Für die im Ausland lebenden Ägypter begann die Abstimmung bereits am Mittwoch. Das Außenministerium in Kairo berichtete, den größte Andrang von Wählern habe es in den diplomatischen Vertretungen in Kuwait und Saudi-Arabien gegeben.
Das Oppositionsbündnis, dem auch Friedensnobelpreisträger Mohammed ElBaradei angehört, hatte in den vergangenen Tagen heftig darüber diskutiert, ob es besser sei, mit „Nein“ zu stimmen oder den Urnengang zu boykottieren. Nachdem Mursi trotz einer Welle von Protestaktionen eine Verschiebung des Referendums um zwei Monate abgelehnt hatte, setzte sich nun aber die Ansicht durch, dass es doch besser sei, an der Abstimmung teilzunehmen. Die Jugend-Revolutionsbewegung 6. April veröffentlichte am Mittwoch ein Lied mit dem Titel „Sag Nein zur Verfassung“.

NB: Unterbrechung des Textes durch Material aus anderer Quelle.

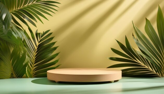 empty podium with leaves and shadow in tropical summer theme for product presentation copy space
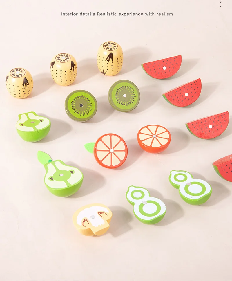 Vegetables and fruits are cut and fun, using high-quality wood, non-toxic environmentally friendly water-based paint, you can rest assured that children play. It can train the baby's small hand grasping ability, promote the baby's hand-eye coordinated development, improve cognition, and is a good toy for parent-child interaction. Hurry up and take it home!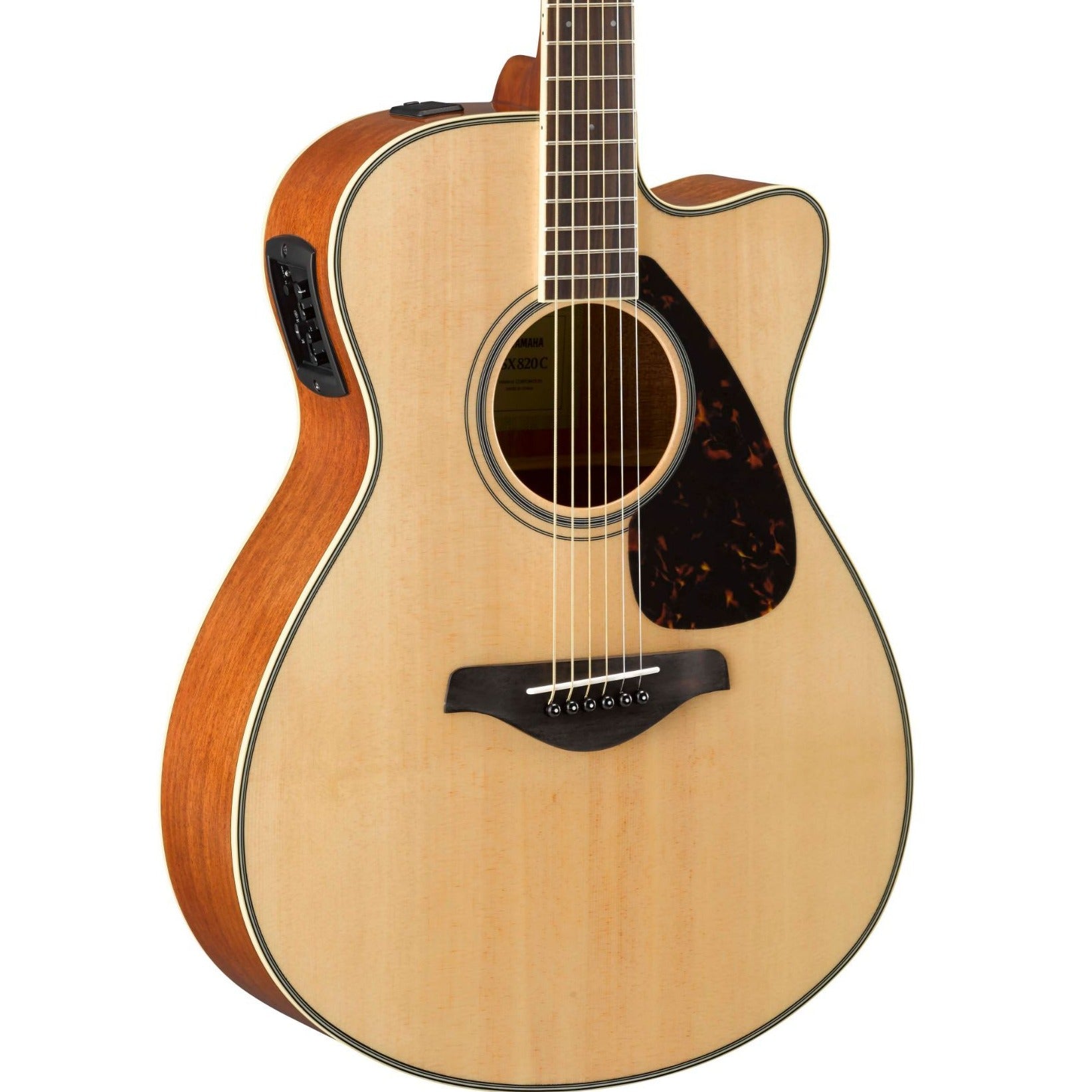 Derived from FS820 which has the solid spruce top and mahogany back/sides, FSX820C has a cutaway body and the electric system. Yamaha's proprietary under-saddle piezo pickup and System66 analog preamp ensure the solid plugged-in performance. The small and thin body is perfect not only for female/young players but for intermediate to upper level finger-picking style players.

Ein Großteil der Richter weigert sich aus Protest gegen Mursis Machtpolitik, das Referendum zu überwachen. Deshalb sollen nun auch Staatsanwälte als Wahlleiter herangezogen werden. Außerdem ordnete Mursi am Mittwoch an, dass die Abstimmung in zwei Etappen stattfinden soll. In Kairo und neun weiteren Provinzen wird am kommenden Samstag abgestimmt, in den anderen Provinzen erst eine Woche später.
Die Armee soll helfen, am Wahltag für Sicherheit zu sorgen. In einigen Regionen wurde sie nach Angaben aus der Militärführung bereits in Bereitschaft versetzt.
Die Christen und die säkularen Parteien lehnen den Verfassungsentwurf ab, weil die Islamisten damit ihrer Ansicht nach den Umbau Ägyptens zu einer Islamischen Republik vorbereiten. Menschenrechtler kritisieren, dass der Entwurf nicht den Schutz von Kindern vor Ausbeutung und Zwangsverheiratung garantiere.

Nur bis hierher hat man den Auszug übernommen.